PhyWorld: Physics-Faithful World Model for Video Generation

Abstract

World simulators can provide safe and scalable environments for training Physical AI systems before real-world deployment. Large video generation models are emerging as a promising basis for such simulators because they can generate diverse and realistic visual futures. However, using them as world simulators requires physically faithful video continuations: generated videos that preserve the physical state implied by the conditioning input, and evolve in ways consistent with basic physical principles. We propose PhyWorld, a video-generation world model designed to produce temporally coherent and physically faithful scene continuations through two-stage post-training.
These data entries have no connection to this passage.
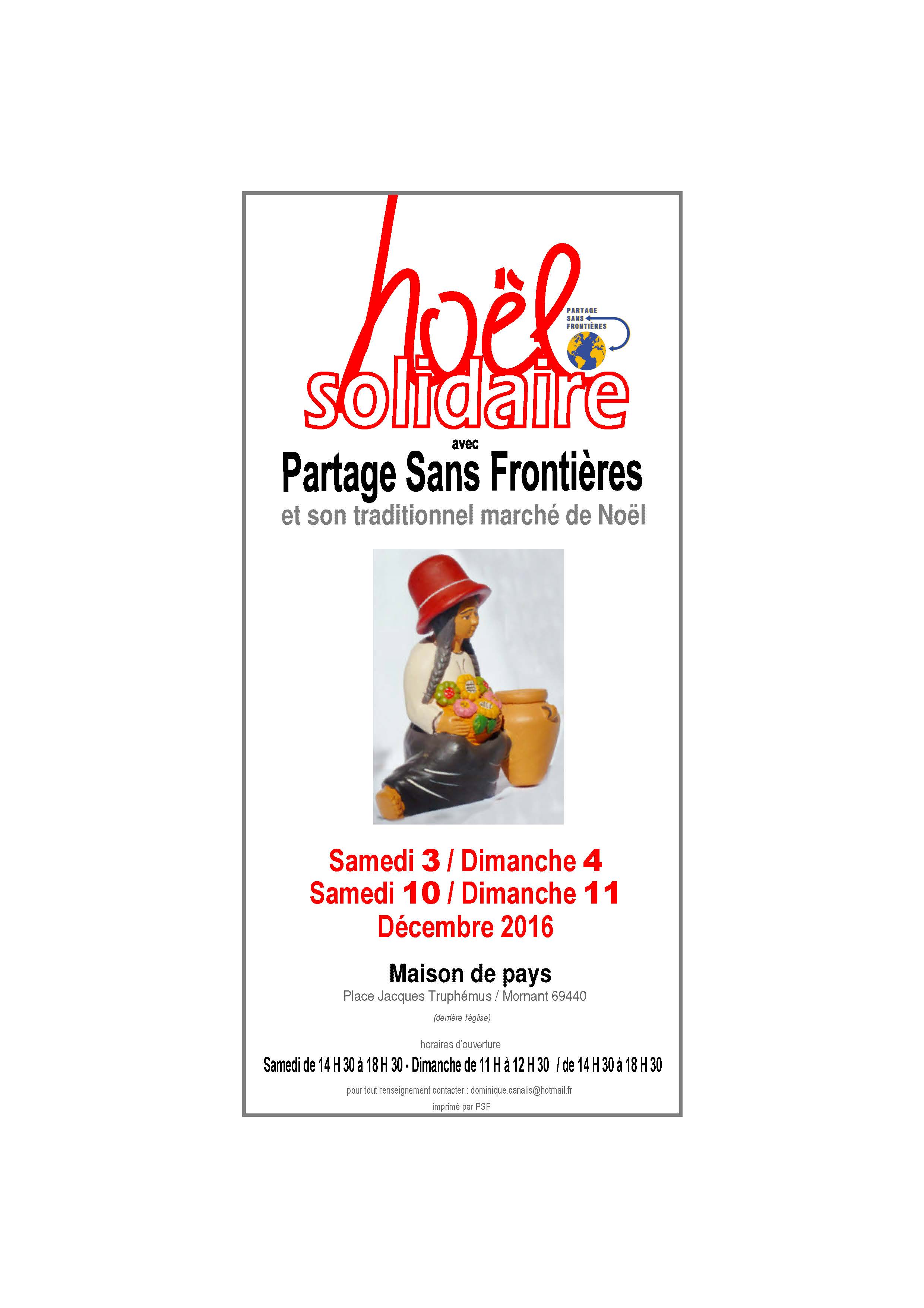 Ouvrir la photo Nous avons le très grand plaisir de vous inviter à venir aux marchés de Noël organisés par notre équipe de Mornant. Elle prépare toute l'année cette très belle manifestation dans le cadre des ateliers du coeur qui permettent aussi et bien entendu du 03/12/2016 au 11/12/2016 Le fichier en PDF à télécharger ... [lire la suite]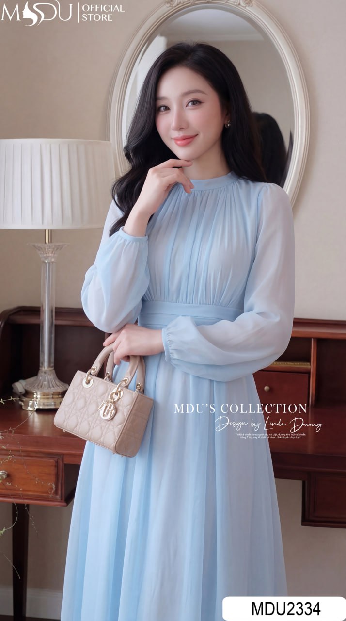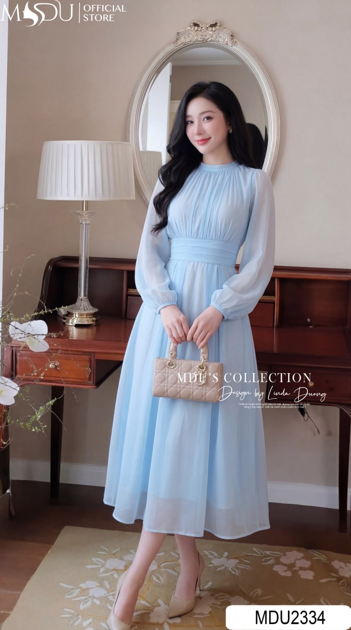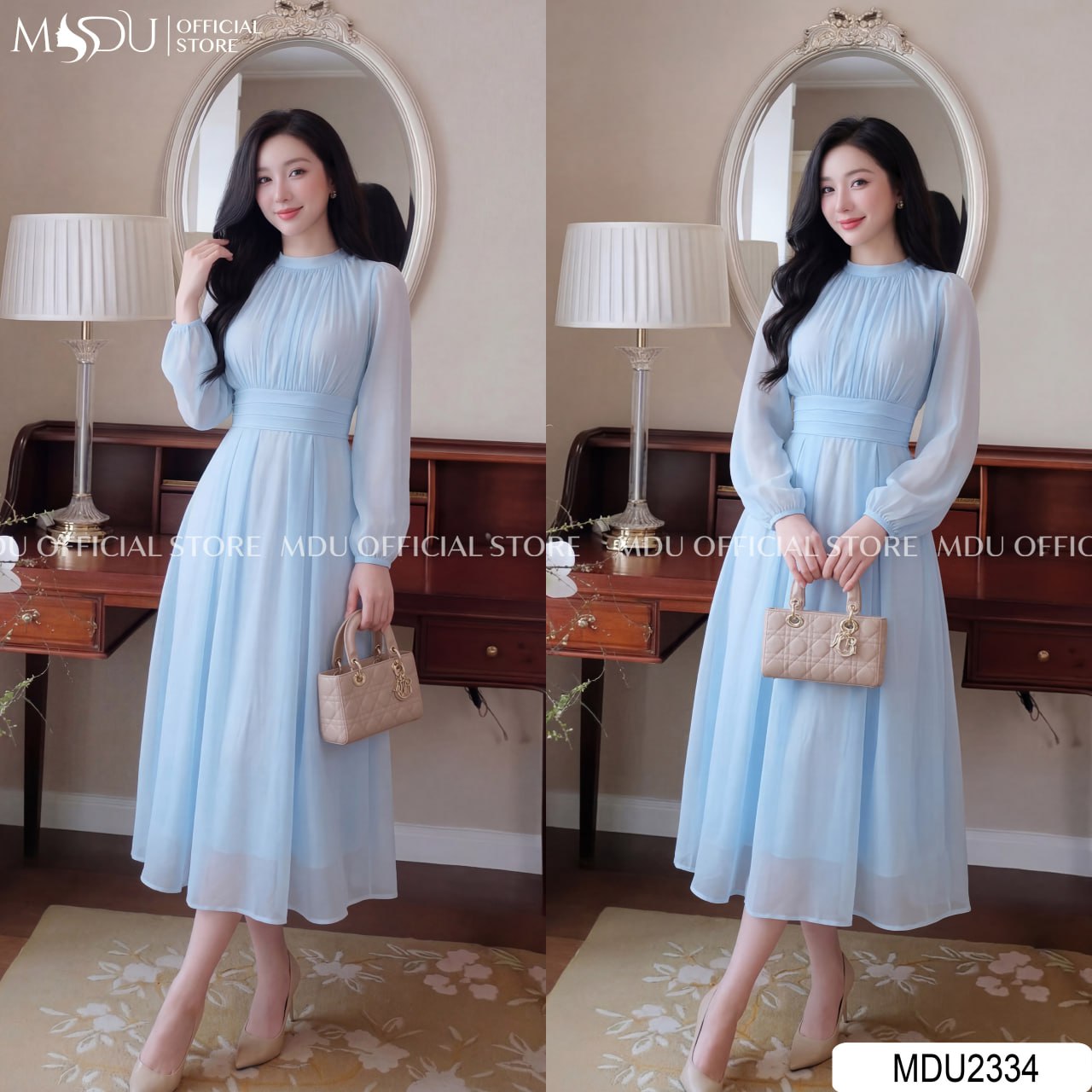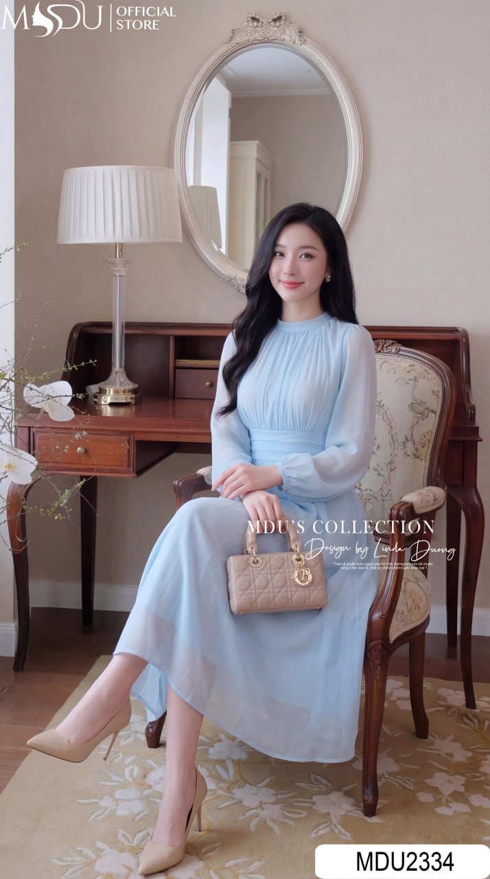 The MDU2334 is a luxe silk statement piece defined by its airy Korean silk and flattering flared silhouette. With its sophisticated sheer sleeves and waist-defining cut, it is the ideal choice for tea parties, romantic dates, or high-end outdoor events.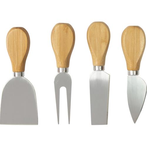 Листовидный нож или, как его еще называют, нож для пармезана, предназначен для твердых сортов сыра, которые практически невозможно порезать, скорее их нужно колоть. Нож-стамеска предназначен для очень мягких сыров, а широкая лопатка — для мягких и полутвердых. Двузубая вилка используется для сервировки, а также помогает при нарезании.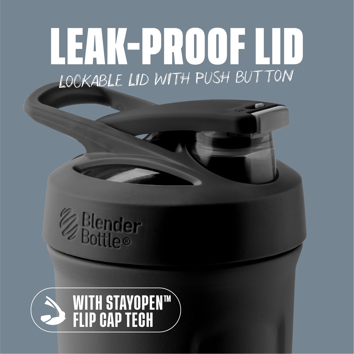 Details: The BlenderBottle Strada Stainless Steel push-button insulated protein shaker provides sleek style and ultimate ease. The bottle’s spill-proof locking lid opens and closes with the touch of a button. A flexible, ergonomic carry loop provides a comfortable hold. The patented mixing system utilizes the BlenderBall wire whisk to mix even the most stubborn protein powder, and a rounded base ensures a smooth blend. Double-wall insulated stainless steel keeps drinks cold for up to 24 hours. Measurement markings on the inside of the bottle add to the ease of creating perfect protein shakes. Leak proof; top-rack dishwasher safe; BPA and phthalate free. Manufacturer’s limited lifetime warranty.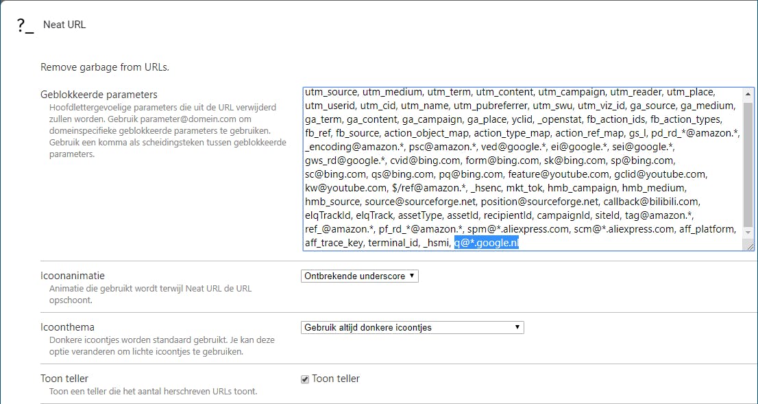 De browserplug-ins ClearURLs en Neat URL, beschikbaar voor zowel Chrome als Firefox, strippen zulke parameters uit de url voordat die aan de webserver wordt doorgegeven. We bekijken hier kort Neat URL. Na de installatie is de plug-in automatisch actief. Om hier nog wat aan aan te passen, klik je op het bijhorende pictogram met de rechtermuisknop en kies je Preferences. Op het tabblad Opties zie je bij Geblokkeerde parameters een overzicht van de parameters en kun je er zelf eigen parameters aan toevoegen, weliswaar volgens bepaalde regels. Je dient je wijzigingen te bevestigen met Voorkeuren opslaan. Voeg je hier bijvoorbeeld paramnaam aan toe, dan zal deze parameter uit elke url worden geweerd. Een item als q@*.google.nl zorgt ervoor dat de parameter q uitsluitend in google.nl, weliswaar inclusief subdomeinen (*), wordt opgeruimd. Dit is echter geen voorbeeld om zelf te implementeren, want hierdoor zullen je zoekopdrachten in www.google.nl niet langer werken.

In the first stage, we improve video-to-video continuation with flow-matching fine-tuning, encouraging stable visual attributes and coherent motion dynamics across frames. In the second stage, we align generated dynamics with physical principles using Direct Preference Optimization (DPO) over physics preference pairs, guiding the model toward outputs with higher physical plausibility. To evaluate PhyWorld, we use both standard video-quality benchmarks and a dedicated physical-faithfulness benchmark with per-law scoring. Experiments show that PhyWorld improves video consistency, achieving an average score of 0.769 on VBench compared with 0.756 or below for state-of-the-art baselines, and reaches an average score of 3.09 on our physical-faithfulness benchmark compared with 2.99 for the strongest baseline. These results suggest that post-training large video generation models with continuation and physics-preference signals can make them more effective world simulators for Physical AI.

0.769
VBench overall
+0.013 vs. base

3.09
PhyGround physical-faithfulness
+0.10 vs. base

+0.21
Optical-physics gain
over Wan2.2-I2V-A14B

16 × H100
DPO post-training
2 epochs / 250 steps

Why physics is hard for video models

Prior world-model work is largely Self-Forcing or LongCat-style, focused on ultra-long video generation. These pipelines run into three persistent walls:

Small model size

Ultra-long generation forces compact backbones because of large memory usage at train time, capping visual fidelity.

Consistency, not physics

Existing objectives target temporal smoothness; nothing enforces that motion, contact, or material behavior actually obeys physical law.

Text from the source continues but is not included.